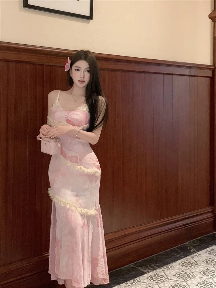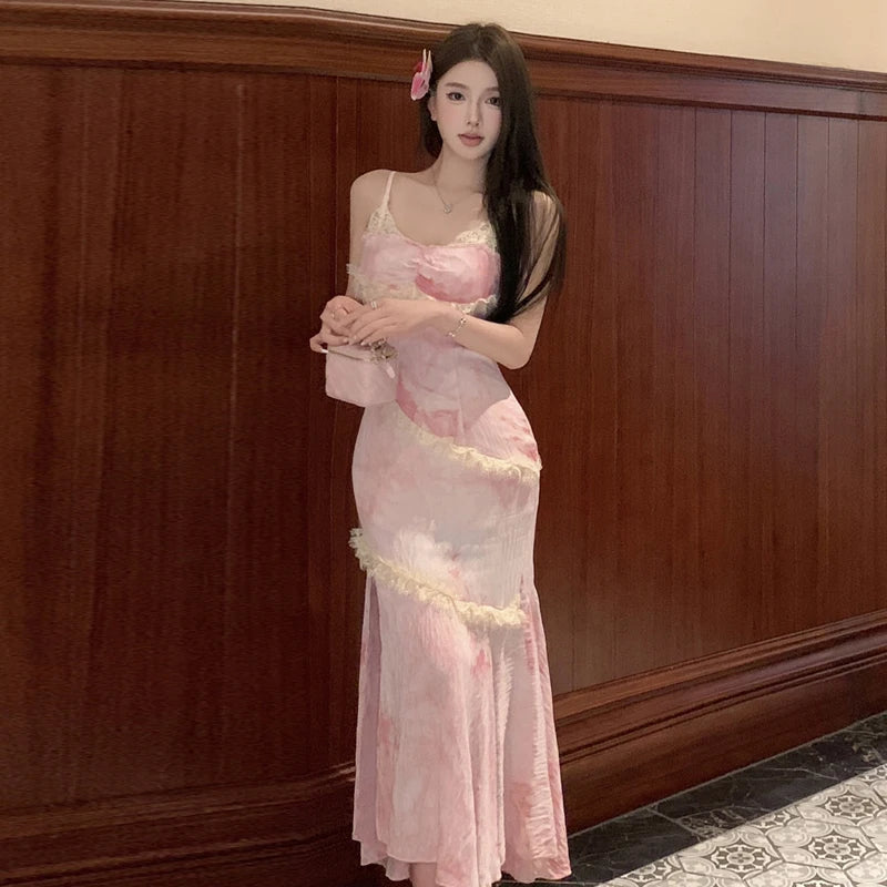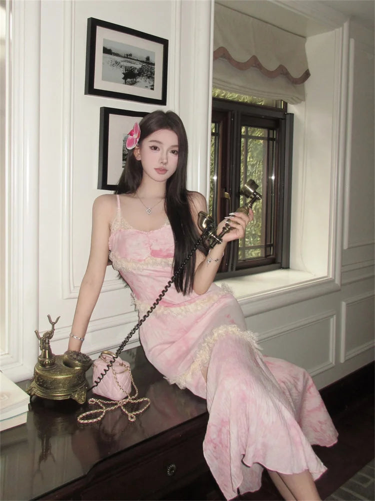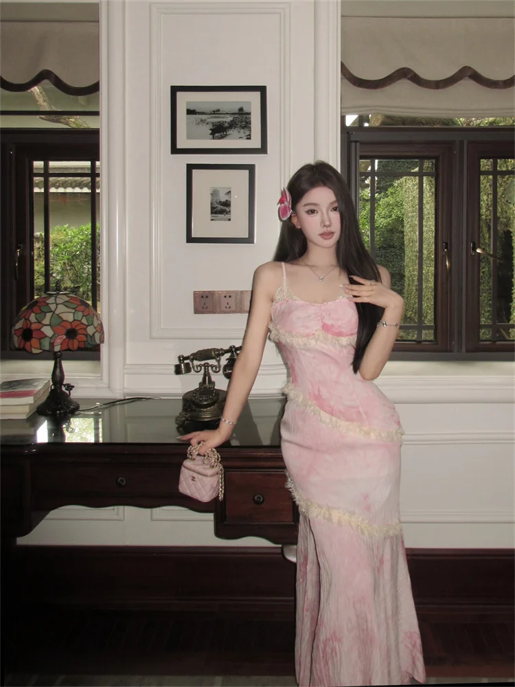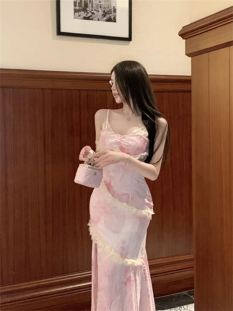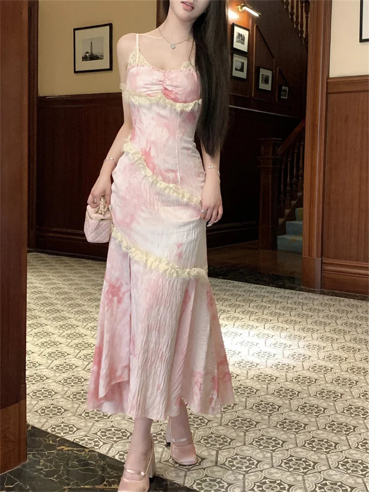 Purpdrank Fairy Summer Pink Dress Sexy Splicing Lace Flounced Sling Dress Fashion Irregular Mid Length Dresses Women Birthday Clothing
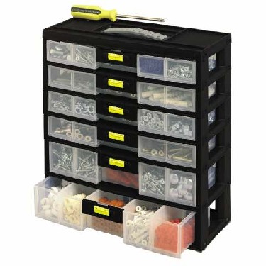 Compartimentos modulables. Cajones transparentes con cierre de seguridad y base antideslizante.
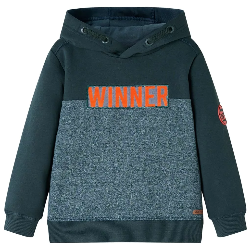 Sötétzöld kapucnis gyerekpulóver 128
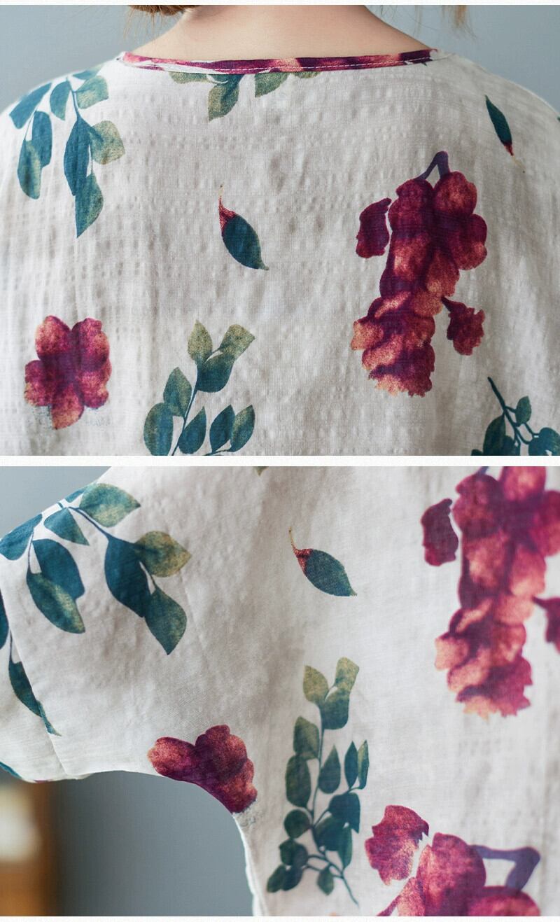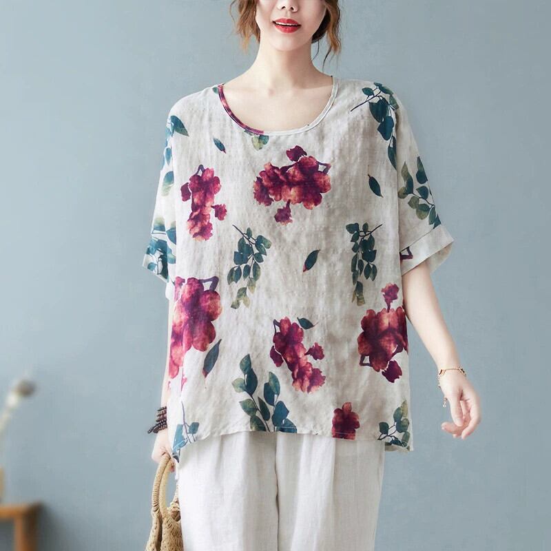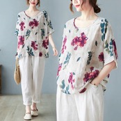 200 ポンド綿とリネン半袖 Tシャツ女性夏ルーズ大きいサイズ脂肪姉妹ファッショナブルなレトロなパターン薄いリネンシャツトップ コットン 大きめサイズ サマー 夏物 sine99729378270

EXERCISE OBJECTIVE: Write out the material above precisely, leaving each picture behind.

ANSWER:
 Purpdrank Fairy Summer Pink Dress Sexy Splicing Lace Flounced Sling Dress Fashion Irregular Mid Length Dresses Women Birthday Clothing
 Compartimentos modulables. Cajones transparentes con cierre de seguridad y base antideslizante.
 Sötétzöld kapucnis gyerekpulóver 128
 200 ポンド綿とリネン半袖 Tシャツ女性夏ルーズ大きいサイズ脂肪姉妹ファッショナブルなレトロなパターン薄いリネンシャツトップ コットン 大きめサイズ サマー 夏物 sine99729378270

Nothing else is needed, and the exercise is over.